Column: Bench Monkey
Dylan Stiles takes a trip down memory lane
I was doing a little spring cleaning the other day, when I came across a cardboard box labeled FRESHMAN YEAR. It was a veritable time capsule, chock full of class notes from 1998. I found myself leafing through notebooks from chemistry classes like old photo albums, reminiscing about the wonder years of undergraduate education. Was it really ten years ago?
Those were simpler times. Benzene was still just a circle inscribed in a hexagon, not the reaction solvent I know today. A nucleophilic addition was nothing more than a curly arrow reaching from one structure to another. I found an exam with comically-bad mistakes. Minus five points for drawing a carbon atom that severely overextended its valency - how na´ve, I thought.
In 1998 my entire understanding of chemistry was an abstract set of symbols that had no basis in reality. My preconceptions of what it all meant were devoid of the visceral sensations that I have today: the choking fumes of elemental bromine, or what it feels like to shake a big separatory funnel. Critical analysis was impossible without the years of advanced classes that would follow.

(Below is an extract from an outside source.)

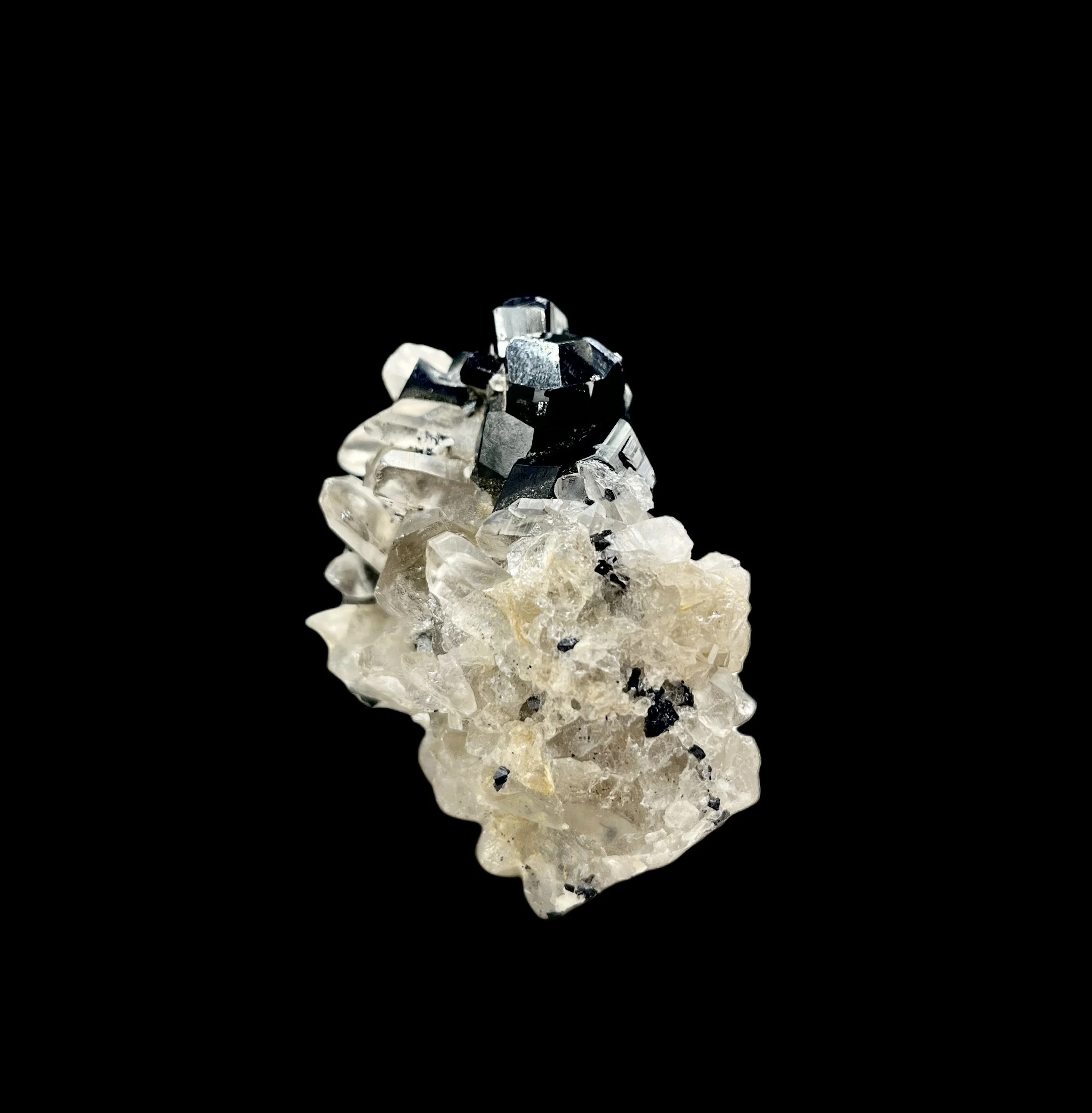 This exceptional specimen pairs deep black tourmaline crystals with luminous quartz. It’s a natural, unaltered specimen that embodies the elegance of Earth-formed crystal associations—ideal for collectors seeking a refined and visually compelling piece.

Back then I certainly would not have called myself a scientist, let alone a researcher. Only recently have I reached a point where I feel comfortable with those labels. What has changed between then and now, and why did it take so long?
I was struck by how long it takes for the concepts we're taught as undergraduates to become useful in the real world. Starting from freshman chemistry 101, I'd argue that it takes at least five years before an average chemistry student can actually form a hypothesis and test it in a laboratory. Even the most gifted stars of the field don't emerge until their mid-twenties.
Compare chemistry with computer science. I have friends who were tinkering with computers as infants, and could type before they could write. Kids can teach themselves to program in the comfort of their bedrooms and start companies as teenagers. Some of the most revolutionary changes in the high-tech world were brought about by people not old enough to drive.
But professional chemists need years of laboratory training before they can be set loose. Speaking as a product of the higher education system, I can see why disciplines that offer quick access to lucrative careers might be more appealing than chemistry or physics.
A thorough Birching
I was pondering this while I turned to a notebook from my sophomore year. By 1999, my hexagon scribbles were at least taking on a more regular shape. But electrons were still nothing more than dots on the page. Not until years later, when I finally performed a Birch reduction with my own hands, did I realise the significance of these dots. A dark-blue solution of lithium metal in liquid ammonia is an image that stays with you.
These lab experiments, which translate concept to reality, seem like rites of passage. Only the most disciplined students that stay on the long, arduous trail up the academic mountain can emerge with a deep understanding. The attrition suffered by the world army of chemists is not unlike Napoleon's doomed march into Russia - scores are lost at every turn.
I make no claims for lofty inspiration that has kept me on the trail, nor do I look down on those pursuing other career opportunities. But, while it may sound elitist, maybe the nature of the process helps to explain the camaraderie shared by PhD-toting scientists?
Dylan Stiles is a PhD student based in California, US.